EM Forster’s The Machine Stops feels too spot-on for its 1909 publication date
EM Forster’s short story of a world connected by audiovisual, glowing handheld plates is a warning to think about how we might otherwise relate to machines.
For instance in the portrayed society the machine is singular, monolithic. It’s also decaying – from forgotten knowledge, from laziness. Are we now too dependent on a single cloud service? On a single software platform? On a single form of backup? The story’s disaster wasn’t from foreign enemies, but because of our own dependence.
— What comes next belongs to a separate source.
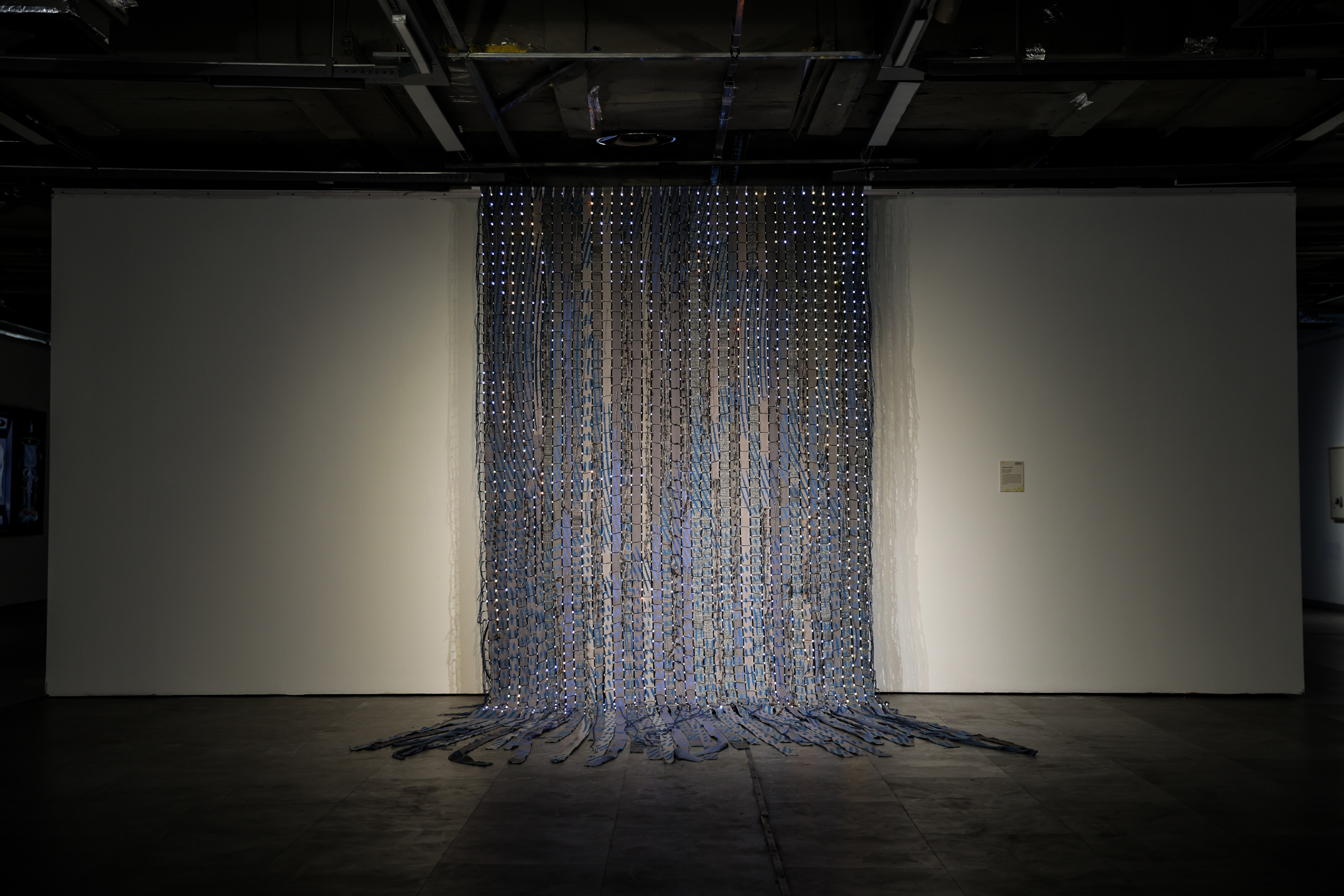 新媒体艺术家、纤维艺术家张弘、王薇、谢美华共同完成的《Photonic Fabric》是一件探索光、材质与互动性的纤维互动艺术装置。作品将手机拍摄产生的摩尔纹转化为织物纹样,嵌入LED构建动态交互场域。观众靠近时,触发织物中的光纹波动,人与织物形成双向干扰:织物如信息网络捕捉人类活动,LED反馈的光污染又反向侵入感知。传统编织与数字元件的纠缠,隐喻技术与人互为寄生——我们创造数据洪流,亦被其重塑行为模式。

And Forster’s society has become so comfortable that the people are irritated by any inconvenience. This might be compared to how we’ve been conditioned to bristle at two-factor authentication and similar measures we’ve installed to help keep us safe.
The text is here. And here’s an abridged BBC Radio 4 production from 2001 [43 min. listen] youtube.com
It’s a vulnerable computer – so why be obvious about where you bank, your credit cards and investment accounts?
Hiding apps
Phones are vulnerable. Why make it easier for a thief?
Phones get left behind. Phones get stolen. Both Android and iPhones have the ability to hide apps. It’s a built-in layer of defense worth considering for your investment accounts, bank account apps, multifactor authentication apps.
Android instructions: wikihow.com. iPhone instructions: cnet.com
Note: The section directly above is Bryley’s curated list of external stories. Bryley does not take credit for the content of these stories, nor does it endorse or imply an affiliation with the authors or publications in which they appear.